We returned to the snow cave, and started walking to the car. Anj had passed the automatic parking payment machines, and it turns out she’d left the ticket in the car. We’d probably have to walk back, but she said she thought there was a pay to pay at the gate. In fact, as we drove out, she put in her credit card, and it charged her right at the spot! “I’m so glad to have a visitor, it makes me try new things,” she said. You can also use your card entirely to mark in and out points (D’Arcy does this, but Anj doesn’t trust it) and they just bill you at the end of the month.
We returned home via a road that went past her school, and snacked on our little Finnish pastries. They were better warm, she told me, and with butter on them. “But everything tastes good slathered with butter,” she noted. The middle part was creamy, like a custard, not at all the texture I’d expected as she’d described it as ‘rice’. It was pretty good though. We parked in the street since we weren’t staying very long, and carried all the things inside. D’Arcy opened the door and helped us inside with the things, so we could take off our wet boots just inside the hallway.

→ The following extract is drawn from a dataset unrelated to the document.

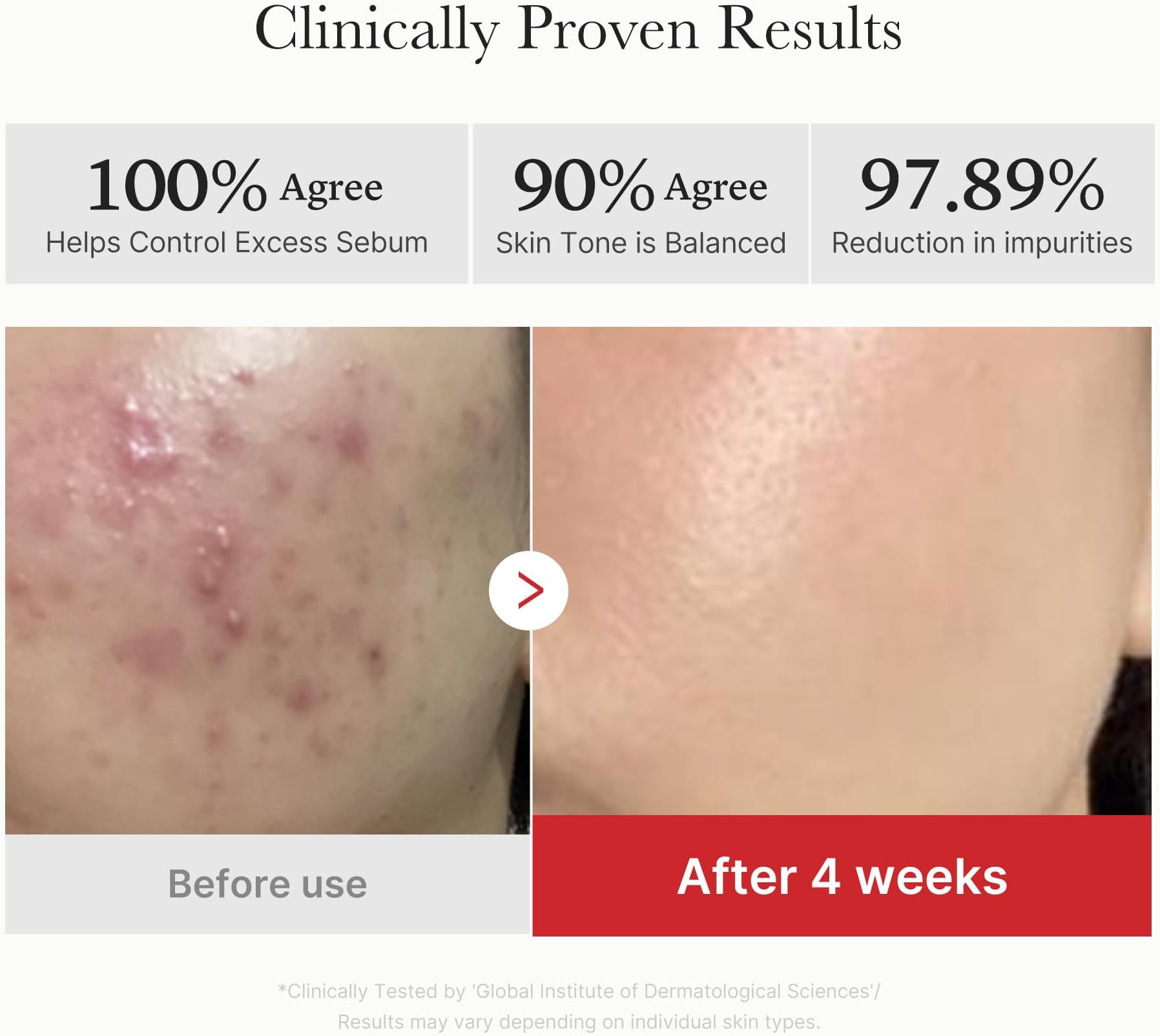 - Učinkovita akne-borba: Kombinacija treh aktivnih kislin (bernsteinska, salicilna in glikolna) cilja na vzrok akne in zmanjšuje izbruhe

We relaxed on the couch, and Anj brought out some of the snack items she’d just bought – some big cruncy corn kernels (dang, there’s a name for these) and what looked like small, flat tater tots. They were actually rice crackers, and had a spicy seasoning. Those were SOOO good, and I found that I couldn’t stop eating them. D’Arcy agreed it was time for lunch, and he grilled up some sausages on the electric one they have on the balcony. This was presented on the table with several different kinds of mustard and a small salad. The sausages were excellent, and having the variety of mustards made it fun.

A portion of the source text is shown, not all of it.